Santos holds significant importance in supplying energy to Asian markets through long-term LNG contracts with major buyers in Japan, South Korea, China, and others. Its revenue is influenced by global oil and gas prices, LNG market dynamics, and production volumes. Share Acquisition Rights are integral to Santos’s executive and employee remuneration, aligning management incentives with long-term shareholder value creation.
Regulatory Requirements Behind Santos’s Appendix 3H Filings
The Appendix 3H form is mandated by ASX Listing Rules to disclose when securities cease to exist, whether by lapse, cancellation, or conversion. Santos Limited (ABN 80 007 550 923, issuer code STO) complies by promptly notifying the ASX of cancellations or lapses of unquoted equity securities like Share Acquisition Rights. This ensures investors have accurate, current information on the company’s capital structure.
Disclosure of employee incentive security cessation is a key continuous disclosure obligation under ASX rules and the Corporations Act 2001. Through Appendix 3H filings, Santos provides transparency on lapses and updated totals of securities outstanding, information valuable to analysts, institutional investors, and proxy advisers monitoring dilution risk and remuneration governance.
Remaining STOAY Rights and ShareMatch Plan Post-Lapse
After the lapse of 168,936 STOAY rights, 15,748,344 STOAY Share Acquisition Rights remain outstanding. These rights continue to be subject to performance and vesting conditions not detailed in this update. Depending on future performance, these rights may vest and convert to shares or lapse.
Separately, Santos’s ShareMatch plan includes 2,969,372 STOAZ Share Acquisition Rights outstanding. The STOAZ pool operates under different terms from STOAY rights. Together, these pools represent the main sources of potential future equity dilution from Santos’s employee incentive programs. Investors should watch future Appendix 3H filings and remuneration disclosures for changes.
Operational and Market Factors Influencing Santos’s Incentive Outcomes
The lapse of performance-based rights like STOAY often reflects broader company operational or financial performance during the measurement period. Large oil and gas firms typically tie long-term incentives to metrics such as total shareholder return, production volumes, safety records, balance sheet health, or strategic milestones.

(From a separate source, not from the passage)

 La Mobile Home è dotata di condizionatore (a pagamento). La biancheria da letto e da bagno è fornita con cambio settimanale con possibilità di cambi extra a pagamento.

Market volatility, project delays, or cost overruns can cause performance conditions to go unmet, resulting in rights lapsing.

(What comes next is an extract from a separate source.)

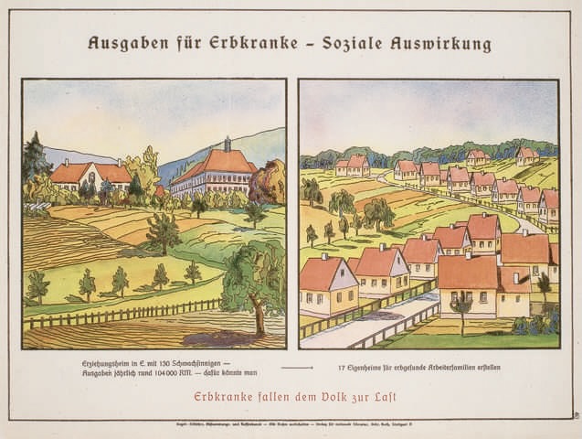 ‘Mensen met een erfelijke ziekte zijn het volk een last’ staat onderaan deze bladzijde in een geïllustreerd schoolboekje uit 1939, met sommen voor de rekenles. Hierin wordt inzichtelijk gemaakt wat de gevolgen zijn van de hoge kosten die een erfelijk zieke met zich meebrengt. In dit voorbeeld gaat het om 150 ‘zwakzinnigen’ in een instelling die jaarlijks 104.000 Reichsmark kosten. Van dat bedrag kunnen 17 huizen gebouwd worden voor 17 gezonde arbeidersfamilies. Dat staat er, in een schoolboekje voor kinderen.
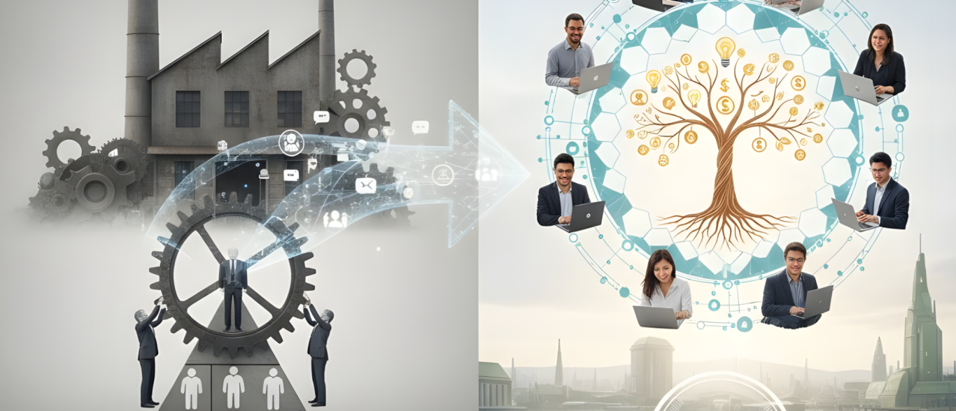 Bild (erstellt mit Midjourney): Wandel von traditionellen zur Community basierten Arbeitswelt

Santos faces risks including fluctuating LNG and crude oil prices, execution risks on projects like Barossa, regulatory and environmental approvals, and geopolitical factors in Papua New Guinea and Timor-Leste. These risks affect operational performance and the ability to meet incentive targets. Investors and analysts should consider these factors when evaluating future equity incentive vesting or lapses.
Share Price Impact and Investor Considerations Moving Forward
The immediate share price impact of this lapse was not evident from public data. Such cessation events are typically administrative and do not usually cause significant share price changes. However, institutional investors and remuneration experts may note the disclosure as part of ongoing governance and incentive alignment assessments.

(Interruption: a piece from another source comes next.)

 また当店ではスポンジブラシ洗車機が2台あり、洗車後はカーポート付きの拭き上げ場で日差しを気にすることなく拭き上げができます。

Investors should monitor upcoming operational updates, LNG production reports, and progress on major projects like Barossa and Dorado. Future Appendix 3H filings will reveal whether additional Share Acquisition Rights lapse or vest. Santos’s forthcoming remuneration report, expected in the annual report, will provide further detail on performance conditions and incentive outcomes for the relevant periods.